Guy hesitates, then says, “Yeah, I had to remove it so the poison wouldn’t get in your system. We probably got the majority out.”
“My body hurts and my head feels funny,” she says.
“That’s the venom.” Guy glances at her hand, still wrapped in Jaxon’s blood-soaked shirt. “It should wear off over the next several hours.”
Olivia closes her eyes and swallows. “Where is it?” she asks. “My … my finger.”
Everyone looks at Jaxon.
“Don’t look at me. It’s not like I made him do it.” Jaxon’s already sunburned face reddens deeper. Though he acts upset with what’s happened to Olivia, he also seems relieved that she’s okay now. “Stop looking at me. All of you.”
“Jaxon,” Olivia says. “Where is my finger?”
Harper snorts, and now we look at her. “Oh my God,” she says. “I’m so sorry. I didn’t mean to …” She shakes her head, covers her mouth, and waves her hand as if to ask us to stop staring.
“Will someone tell me what’s going on?” Olivia sits up and holds her injured hand in her lap. “I just got bit by a snake with horns, got my finger cut off with a switchblade, and I’m in so much pain, I feel like I could die.”

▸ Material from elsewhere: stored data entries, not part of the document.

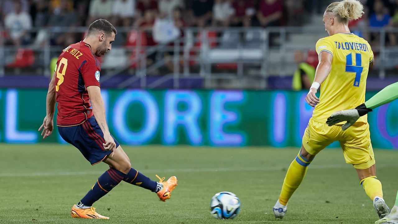 El partido comenzó con España intentando imprimir un ritmo alto para buscar un gol tempranero. La primera ocasión llegó del lado español con un disparo a la escuadra izquierda que rechazó a la perfección el portero ucraniano. España quería marcar pronto y en el minuto 11 llegó la segunda aunque está no acabó entre los tres palos. El bético Rodri se metía hacía dentro, se la daba a Abel Ruiz y este mandaba cruzado su disparo desde la derecha, rozó la base del poste.
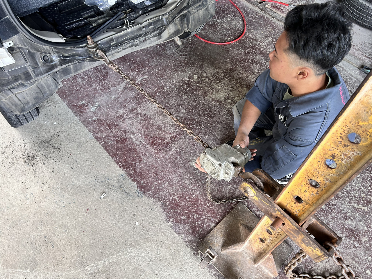 慎重に部品を取り外し、フレーム修正機や溶接機などの専用機器を用いて、歪んだ車の「骨格」やヘコんだボディー(鉄板)を、ミリ単位で元の状態に戻していきます。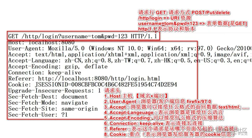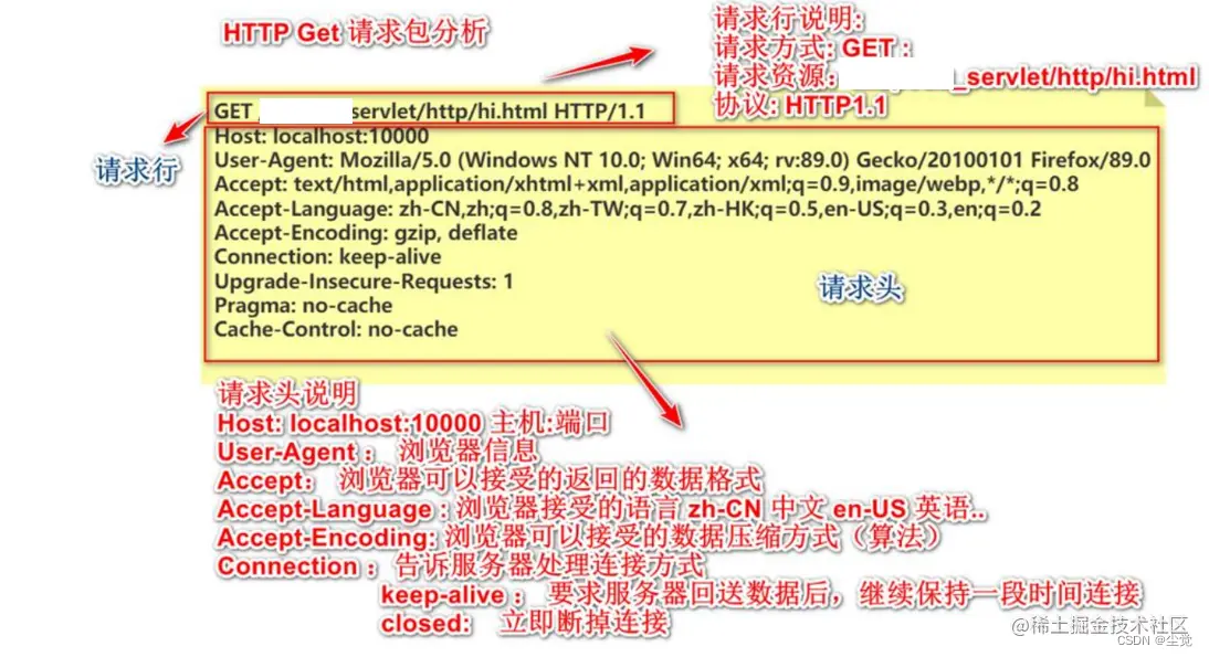 1. HTTP 请求包分析(GET)图, 说明 可以通过浏览器抓包分析
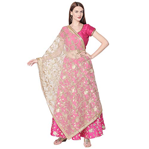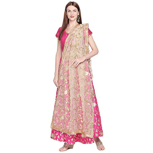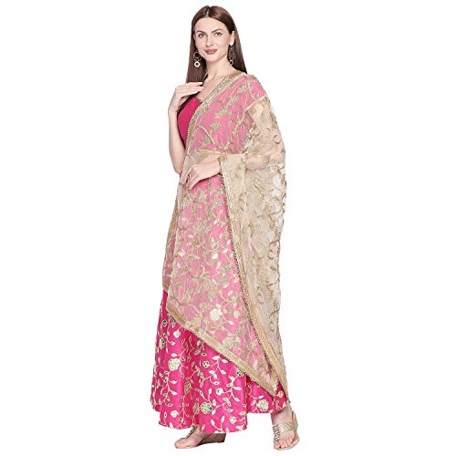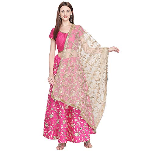 DUPATTA BAZAAR Woman's Embroidered White & Gold Net Dupatta.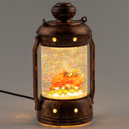 Внутри корпуса расположены блестки, создающие эффект падающего снега, и фигурки двух птичек - красных кардиналов, которые подсвечиваются светодиодом.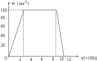5、简答题 沪杭高铁是连接上海和杭州的现代化高速铁路,现已进入试运行阶段,试运行时的最大时速达到了413.7公里,再次刷新世界纪录.沪杭高速列车在一次试运行中由A站开往B站,A、B车站间的铁路为直线.技术人员乘此列车从A车站出发,列车从启动匀加速到360km/h,用了250s时间,在匀速运动了10分钟后,列车匀减速运动,经过5分钟后刚好停在B车站.

“Does your hand hurt?” Guy asks.
“Actually, no,” Olivia admits. “It’s throbbing, but it’s numb.”
“Probably the venom, but maybe it’s because of blood loss.” Guy narrows his eyes, thinking. “Maybe it’ll stay numb until we can —”
“Where is my finger?” Olivia screams.
Caroline bolts to her feet. “The cheetah ate it.”
Olivia’s eyes get so big, I’m afraid they’ll burst. “The cheetah. Ate. My finger.” The girl looks at each of us. “That’s what you’re telling me? That Jaxon’s Pandora ate the pinkie from my right hand? My writing hand?”
“To be fair, he won it from M-4.” Harper looks like she’s about to explode from laughter. I’m not sure whether I feel like laughing, too, or punching her in the ear. “They battled for it.”
Olivia’s gaze turns wild, and she stares off into space for a minute. Then a small smile crawls over her lips. “That is, like, the best way for my finger to go.” She looks at Jaxon. “Ever.”